* **WORK TASK**
Transcribe only the lines between the first line of the records and the line containing "吴真教授随后聚焦本书的核心叙", inclusive, exactly as written.
=== Begin Enclosure ===
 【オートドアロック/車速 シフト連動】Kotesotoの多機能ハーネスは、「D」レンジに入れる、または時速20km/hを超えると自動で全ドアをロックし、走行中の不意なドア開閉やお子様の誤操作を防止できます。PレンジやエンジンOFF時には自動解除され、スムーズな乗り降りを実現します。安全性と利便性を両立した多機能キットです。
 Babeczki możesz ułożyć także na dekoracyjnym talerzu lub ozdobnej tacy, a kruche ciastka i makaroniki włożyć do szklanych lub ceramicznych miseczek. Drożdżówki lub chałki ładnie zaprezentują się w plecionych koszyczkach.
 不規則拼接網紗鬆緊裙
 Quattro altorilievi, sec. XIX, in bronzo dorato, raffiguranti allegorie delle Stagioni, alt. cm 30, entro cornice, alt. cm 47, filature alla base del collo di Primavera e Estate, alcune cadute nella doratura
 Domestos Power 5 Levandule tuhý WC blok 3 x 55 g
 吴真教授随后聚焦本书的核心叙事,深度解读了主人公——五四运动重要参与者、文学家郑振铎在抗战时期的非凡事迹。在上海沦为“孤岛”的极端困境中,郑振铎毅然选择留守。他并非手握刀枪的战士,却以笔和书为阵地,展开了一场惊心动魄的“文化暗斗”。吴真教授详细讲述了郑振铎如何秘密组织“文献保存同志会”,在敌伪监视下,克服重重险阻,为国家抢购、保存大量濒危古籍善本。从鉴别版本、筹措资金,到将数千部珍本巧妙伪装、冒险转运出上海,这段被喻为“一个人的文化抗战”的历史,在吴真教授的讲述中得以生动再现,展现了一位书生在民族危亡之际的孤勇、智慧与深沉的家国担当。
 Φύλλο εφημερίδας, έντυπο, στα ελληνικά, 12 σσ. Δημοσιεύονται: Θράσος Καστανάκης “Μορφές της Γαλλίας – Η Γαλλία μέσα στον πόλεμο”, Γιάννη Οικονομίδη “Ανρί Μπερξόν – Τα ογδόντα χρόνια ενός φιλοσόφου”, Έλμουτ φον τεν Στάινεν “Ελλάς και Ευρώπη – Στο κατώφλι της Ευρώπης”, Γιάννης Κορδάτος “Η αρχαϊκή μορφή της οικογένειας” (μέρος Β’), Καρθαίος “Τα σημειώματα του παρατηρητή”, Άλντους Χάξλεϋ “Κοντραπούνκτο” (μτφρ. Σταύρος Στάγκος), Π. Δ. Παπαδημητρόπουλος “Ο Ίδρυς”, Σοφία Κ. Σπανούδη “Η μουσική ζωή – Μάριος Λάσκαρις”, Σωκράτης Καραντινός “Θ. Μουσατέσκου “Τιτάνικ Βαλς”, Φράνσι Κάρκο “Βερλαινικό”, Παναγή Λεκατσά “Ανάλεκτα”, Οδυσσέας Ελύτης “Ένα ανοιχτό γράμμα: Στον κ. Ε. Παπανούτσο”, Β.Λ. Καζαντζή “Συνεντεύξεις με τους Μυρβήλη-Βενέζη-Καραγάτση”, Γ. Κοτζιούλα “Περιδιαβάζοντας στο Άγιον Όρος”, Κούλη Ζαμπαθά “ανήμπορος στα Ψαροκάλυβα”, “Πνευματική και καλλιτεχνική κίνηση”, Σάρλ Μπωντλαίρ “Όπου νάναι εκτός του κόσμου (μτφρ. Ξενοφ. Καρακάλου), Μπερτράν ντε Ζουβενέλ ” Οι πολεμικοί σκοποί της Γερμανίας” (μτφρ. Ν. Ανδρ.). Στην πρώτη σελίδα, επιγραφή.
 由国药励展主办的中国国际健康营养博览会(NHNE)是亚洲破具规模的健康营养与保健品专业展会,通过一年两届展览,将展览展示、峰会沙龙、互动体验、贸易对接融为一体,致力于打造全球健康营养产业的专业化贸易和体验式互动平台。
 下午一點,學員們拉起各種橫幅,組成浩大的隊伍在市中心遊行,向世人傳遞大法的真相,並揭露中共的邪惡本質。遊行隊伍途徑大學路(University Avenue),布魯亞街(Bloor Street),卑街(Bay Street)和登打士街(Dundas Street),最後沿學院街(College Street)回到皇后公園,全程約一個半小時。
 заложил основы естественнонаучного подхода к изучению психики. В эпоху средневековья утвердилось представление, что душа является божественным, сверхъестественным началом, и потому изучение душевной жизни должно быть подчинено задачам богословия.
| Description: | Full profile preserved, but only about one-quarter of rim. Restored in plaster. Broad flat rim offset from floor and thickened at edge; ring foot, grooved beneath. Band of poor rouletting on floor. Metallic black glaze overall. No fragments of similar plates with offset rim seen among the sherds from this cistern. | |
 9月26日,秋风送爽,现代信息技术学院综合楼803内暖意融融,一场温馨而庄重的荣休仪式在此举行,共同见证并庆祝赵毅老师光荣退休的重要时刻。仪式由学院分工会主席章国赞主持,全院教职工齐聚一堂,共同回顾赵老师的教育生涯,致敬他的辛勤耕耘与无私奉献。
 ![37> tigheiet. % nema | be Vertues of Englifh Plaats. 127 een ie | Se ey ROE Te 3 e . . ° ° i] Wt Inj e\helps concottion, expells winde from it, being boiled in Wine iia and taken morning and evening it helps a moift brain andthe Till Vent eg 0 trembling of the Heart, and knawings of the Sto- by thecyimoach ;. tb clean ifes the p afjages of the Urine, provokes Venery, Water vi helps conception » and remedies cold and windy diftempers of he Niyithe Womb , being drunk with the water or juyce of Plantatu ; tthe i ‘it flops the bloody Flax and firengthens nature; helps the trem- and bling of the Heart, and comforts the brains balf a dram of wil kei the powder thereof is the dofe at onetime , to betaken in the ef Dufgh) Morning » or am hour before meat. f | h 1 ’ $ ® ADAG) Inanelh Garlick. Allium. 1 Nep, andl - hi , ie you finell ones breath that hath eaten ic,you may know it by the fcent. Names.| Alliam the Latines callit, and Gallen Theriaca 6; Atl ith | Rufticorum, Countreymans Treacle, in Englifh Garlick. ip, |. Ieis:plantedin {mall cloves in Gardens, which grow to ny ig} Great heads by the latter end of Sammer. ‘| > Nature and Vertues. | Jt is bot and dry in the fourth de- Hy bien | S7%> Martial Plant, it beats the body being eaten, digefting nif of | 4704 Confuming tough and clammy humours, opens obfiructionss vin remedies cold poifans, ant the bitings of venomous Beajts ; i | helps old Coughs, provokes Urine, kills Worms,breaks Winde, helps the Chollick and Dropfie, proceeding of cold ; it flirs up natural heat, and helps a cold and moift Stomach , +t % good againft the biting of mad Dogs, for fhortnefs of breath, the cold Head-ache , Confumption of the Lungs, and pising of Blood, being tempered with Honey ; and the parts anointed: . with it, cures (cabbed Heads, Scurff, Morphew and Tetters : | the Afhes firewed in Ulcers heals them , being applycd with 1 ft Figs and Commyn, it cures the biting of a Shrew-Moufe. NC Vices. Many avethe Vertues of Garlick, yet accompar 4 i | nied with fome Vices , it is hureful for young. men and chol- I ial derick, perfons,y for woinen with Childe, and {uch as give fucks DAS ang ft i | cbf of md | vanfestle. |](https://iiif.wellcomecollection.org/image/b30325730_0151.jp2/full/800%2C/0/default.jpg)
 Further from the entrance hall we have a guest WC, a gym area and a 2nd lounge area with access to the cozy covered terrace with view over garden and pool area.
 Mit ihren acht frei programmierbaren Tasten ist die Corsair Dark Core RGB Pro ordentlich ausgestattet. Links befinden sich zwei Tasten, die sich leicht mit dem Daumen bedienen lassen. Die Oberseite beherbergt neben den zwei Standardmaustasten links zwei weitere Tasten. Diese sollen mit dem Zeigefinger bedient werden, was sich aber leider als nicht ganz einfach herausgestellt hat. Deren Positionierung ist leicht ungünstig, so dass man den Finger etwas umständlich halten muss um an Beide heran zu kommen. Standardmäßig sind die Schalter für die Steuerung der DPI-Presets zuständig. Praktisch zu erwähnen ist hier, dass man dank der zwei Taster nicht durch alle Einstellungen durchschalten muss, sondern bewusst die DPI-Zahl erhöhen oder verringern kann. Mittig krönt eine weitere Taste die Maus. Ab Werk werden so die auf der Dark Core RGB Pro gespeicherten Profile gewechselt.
=== End Enclosure ===
* **RESPONSE FOR THIS EXERCISE**
 【オートドアロック/車速 シフト連動】Kotesotoの多機能ハーネスは、「D」レンジに入れる、または時速20km/hを超えると自動で全ドアをロックし、走行中の不意なドア開閉やお子様の誤操作を防止できます。PレンジやエンジンOFF時には自動解除され、スムーズな乗り降りを実現します。安全性と利便性を両立した多機能キットです。
 Babeczki możesz ułożyć także na dekoracyjnym talerzu lub ozdobnej tacy, a kruche ciastka i makaroniki włożyć do szklanych lub ceramicznych miseczek. Drożdżówki lub chałki ładnie zaprezentują się w plecionych koszyczkach.
 不規則拼接網紗鬆緊裙
 Quattro altorilievi, sec. XIX, in bronzo dorato, raffiguranti allegorie delle Stagioni, alt. cm 30, entro cornice, alt. cm 47, filature alla base del collo di Primavera e Estate, alcune cadute nella doratura
 Domestos Power 5 Levandule tuhý WC blok 3 x 55 g
 吴真教授随后聚焦本书的核心叙事,深度解读了主人公——五四运动重要参与者、文学家郑振铎在抗战时期的非凡事迹。在上海沦为“孤岛”的极端困境中,郑振铎毅然选择留守。他并非手握刀枪的战士,却以笔和书为阵地,展开了一场惊心动魄的“文化暗斗”。吴真教授详细讲述了郑振铎如何秘密组织“文献保存同志会”,在敌伪监视下,克服重重险阻,为国家抢购、保存大量濒危古籍善本。从鉴别版本、筹措资金,到将数千部珍本巧妙伪装、冒险转运出上海,这段被喻为“一个人的文化抗战”的历史,在吴真教授的讲述中得以生动再现,展现了一位书生在民族危亡之际的孤勇、智慧与深沉的家国担当。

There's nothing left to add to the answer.